Cor triatriatum has a broad spectrum of presentations. Infants can present with shock, pulmonary edema, respiratory failure, and pulmonary hypertension in the most severe forms of this condition [14]. Older patients with cor triatriatum experience progressive mechanical obstruction, atrial fibrillation, or cardiovascular lesions [15]. The symptoms of this anomaly are usually deduced by the extent of hemodynamic obstruction and the probability of the presence or absence of interatrial communication. ASD and patent foramen ovale are typical concomitant defects in these patients. One series reported interatrial septal defects in up to 60% of patients [16]. As cor-triatriatum is a rare congenital cardiac anomaly and in our study both the patients had associated conditions that required to be tackled during the intraoperative period.

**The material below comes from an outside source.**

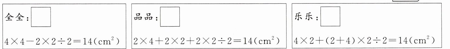 4. 拓展 新考向 探究说理 一张边长4cm的正方形纸,从相邻两条边的中点连一条线段,沿着这条线段剪掉一个角(如图所示),剩下的面积是多少平方厘米?下面是全全、品品和乐乐三位同学的解答方法。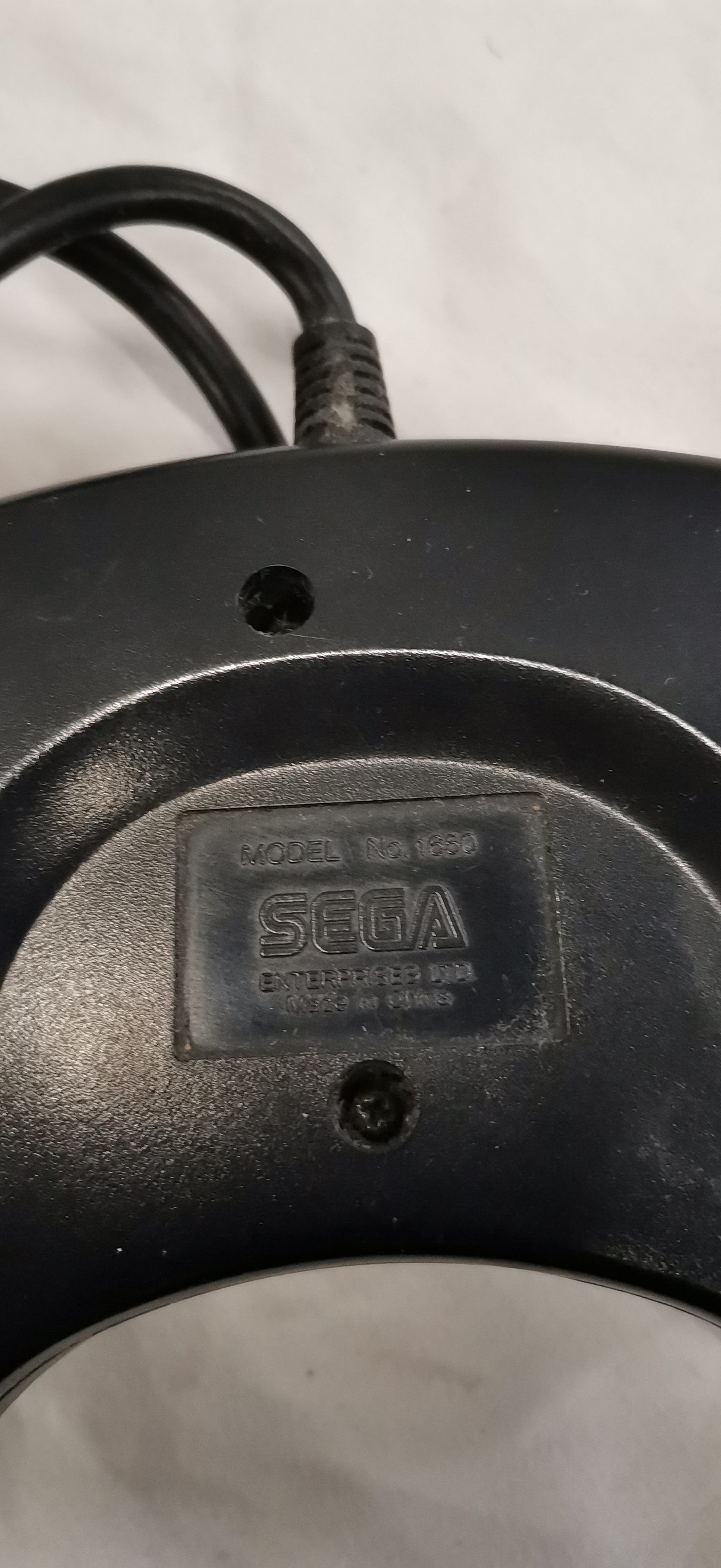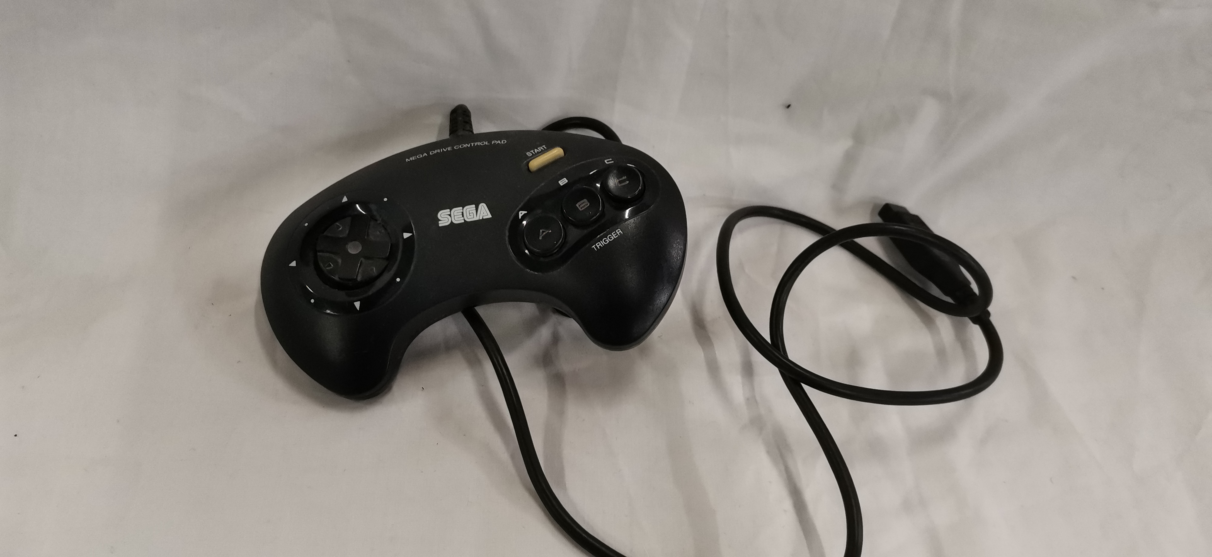 An official Sega Mega Drive control pad, model number 1650, manufactured by Sega Enterprises Ltd. The unit is constructed from moulded black plastic and features a three-button layout. The face of the controller includes a circular directional pad on the left, a yellow Start button in the upper centre, and three primary action buttons labelled A, B, and C on the right. The text Mega Drive Control Pad and Trigger are printed on the casing. The reverse features an embossed panel with the manufacturer details and model number. It is equipped with an integrated black cable terminating in a standard 9-pin D-sub connector.

In case 1, since the HbS was > 30% before surgery, a preoperative exchange transfusion was planned as it promotes perfusion as well as helps to reduce perioperative sickling crisis and multiple-organ failure incidence. Exchange transfusion is beneficial in decreasing HbS and increasing preoperative HbA, hematocrit, and cellular oxygen delivery. Exposure to cold, stress, dehydration, infections, inflammatory cascades, hypoxia, and acidosis are some predisposing factors for sickling. These conditions are pretty common in cardiac surgery [17].

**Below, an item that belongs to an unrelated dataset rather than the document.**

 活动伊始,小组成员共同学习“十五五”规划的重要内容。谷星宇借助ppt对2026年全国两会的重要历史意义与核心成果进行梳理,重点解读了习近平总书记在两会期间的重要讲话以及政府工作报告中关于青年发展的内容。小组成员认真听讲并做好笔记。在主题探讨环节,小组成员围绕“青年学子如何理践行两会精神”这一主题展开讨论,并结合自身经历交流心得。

In case 2, The patient who underwent cor triatriatum repair had an associated tongue-tie detected in the pre-operative evaluation which was released using bipolar diathermy in the same sitting. This child was also diagnosed to have a left complete irreducible inguinal hernia and underwent a left inguinal herniotomy before cardiac surgical correction.
Conclusions
Cor triatriatum is associated with several congenital cardiac abnormalities in most patients. Surgical repair is the definitive modality of treatment for symptomatic patients, and, as highlighted by our two cases, surgical treatment leads to satisfactory short-term and long-term outcomes. In addition to cor triatriatum repair in both the cases, the additional presence of sickle cell syndrome and release of tongue-tie in cases 1 and 2, respectively, in the perioperative period make it a unique and interesting combination with good results. Clinical presentation and the extent of complexity of cardiac anomalies seem to have had an adverse effect on the survival after repair.